Confronting America’s history of violence against student protest
- Text by Miss Rosen
- Photography by Naeem Mohaiemen
Through A Mirror, Darkly — In May 1970, two separate massacres at American college campuses saw deaths at the hands of the state. Naeem Mohaiemen’s new three-channel film memorialises the brutality.
History is written and rewritten, revised and erased, repackaged as myth and tropes to dominate collective consciousness and cultural memory. With the US debut of Through A Mirror, Darkly (2025), filmmaker Naeem Mohaiemen revisits a brutal chapter of American history all the more resonant today.
Now showing during the exhibition, Corinthians at the Wexner Center for the Arts in Columbus, Ohio, Through A Mirror, Darkly is a hypnotic chronicle of war, protest, and slaughter at two American college campuses in May 1970. The film contrasts two explosive back-to-back attacks: first on May 4, when the National Guard opened fire at Kent State University, killing four and wounding nine; and then on May 15, when local police gunned down two students at Jackson State College in Mississippi.
While the events at Kent State made national headlines, the killings at Jackson State, a historically Black college, largely disappeared from view. With Through A Mirror, Darkly, Mohaiemen brings these events back into view alongside scenes from the Vietnam War through the shared lens of memorialisation.

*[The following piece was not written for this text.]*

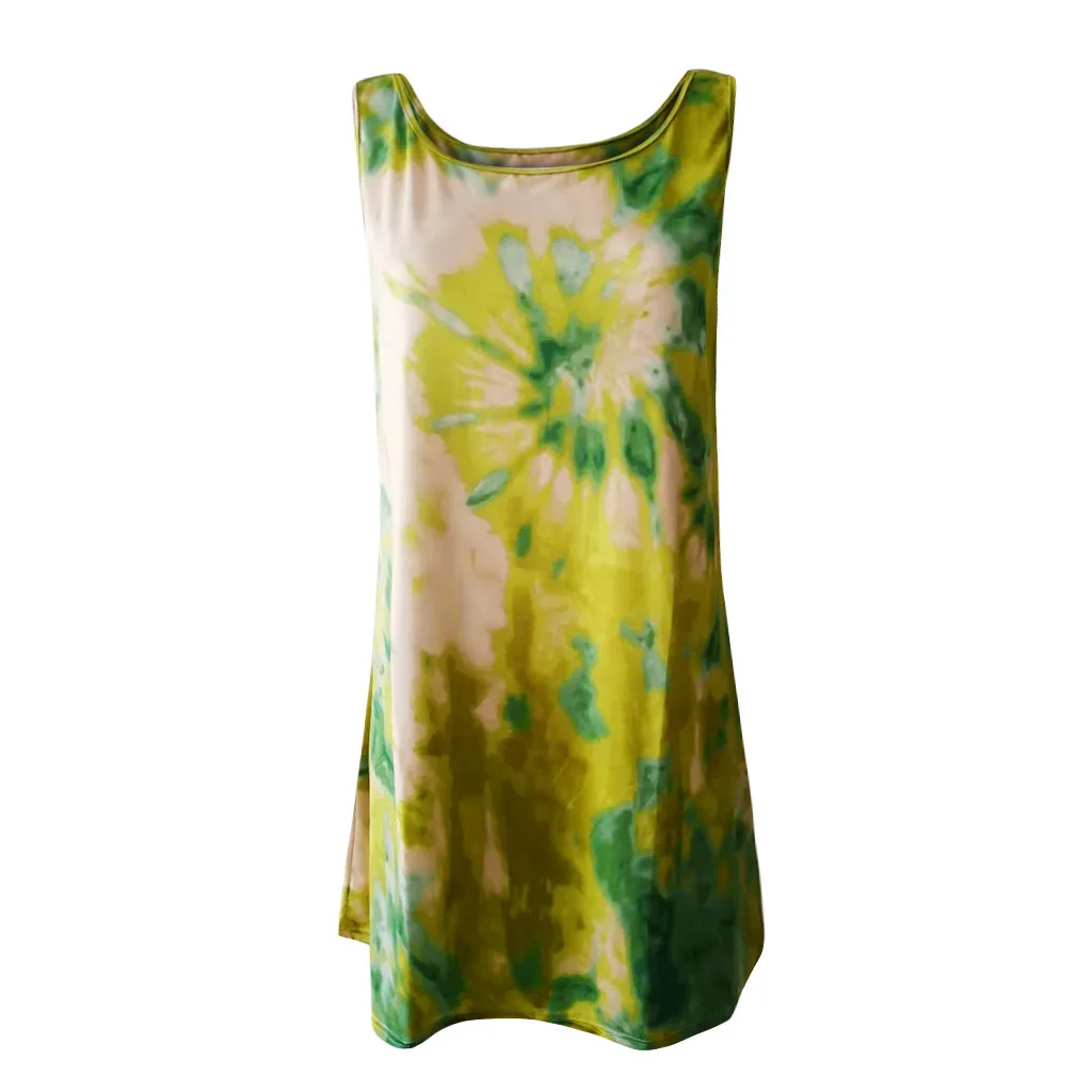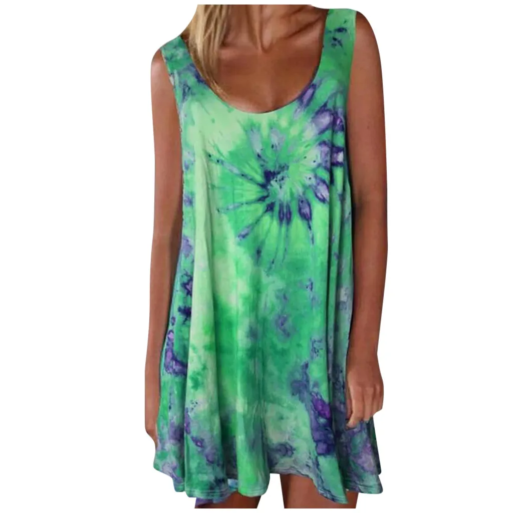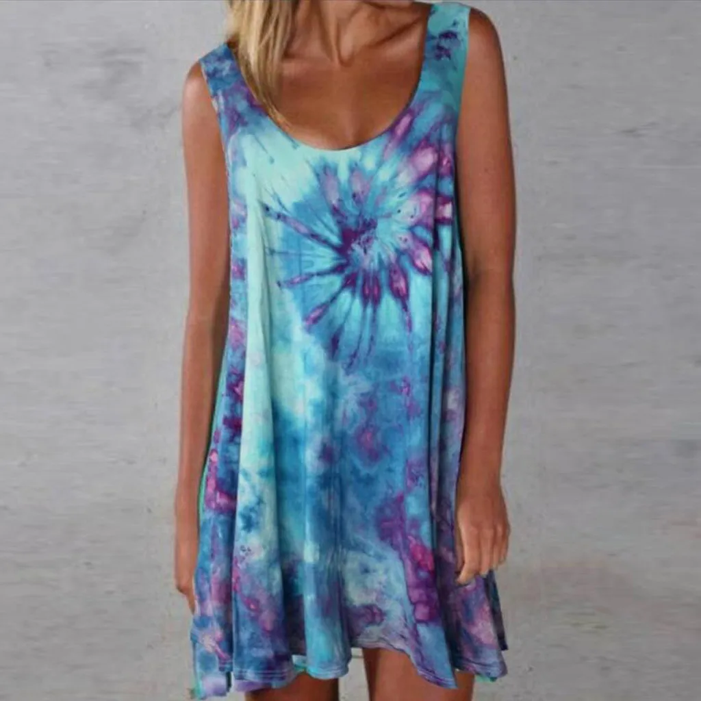 Модное женское повседневное разноцветное платье без рукавов с принтом в виде галстука-красителя и круглым вырезом, свободное платье

Corinthians 13:12, from which the film takes its name, recognises the impossibility of perceiving divine plans in full. We can only know in part, or rather parts – as the film’s three-channel format suggests – invoking the fragility of perception against the relentlessness of state sanctioned violence and collective trauma. Mohaiemen deftly weaves reportage, propaganda, entertainment, myth, contemporary and archival footage to stunning effect.
“In the film, the three channels are a little bit at war with each other,” Mohaiemen says. While the archival footage on outer screens hits in explosive bursts like rapid fire headlines setting the teletype ablaze, contemporary footage in the centre screen unfolds across “long, slow shots where nothing happens”. The tension is explicit, sometimes frenetic, chaos simmering amid the wealth of quick Super 8 and 16mm clips, spliced to perfection.
The language of the past echoes in the present day, a fracture in American life that lies at its core: the extrajudicial execution of those deemed an enemy of the state. Media is used to manufacture consent, offering endless reels of reactionary disinformation against students practicing their constitutional right to protest. “To generate fear, scapegoating, paranoia, the justification for certain kinds of persecution or silencing, the surface onto which you project the fears is important,” Mohaiemen explains.
“In 1970, part of that surface was the American campus, and the strongest fear was that students were becoming communist. At the time, the visible campus populations were predominantly white,” he continues. “Today, the world is represented within campuses in a way it absolutely was not in 1970. The demographics of the present have made a different kind of scapegoating easier. The Red Scare does not work in the same way, but questions of loyalty to a project of a Euro-American being – who doesn’t fit, whose ways don’t fit, who are new arrivals – abound.”
Naeem Mohaiemen: Corinthians is on view through May 24, 2026, at the Wexner Center for the Arts in Columbus, Ohio.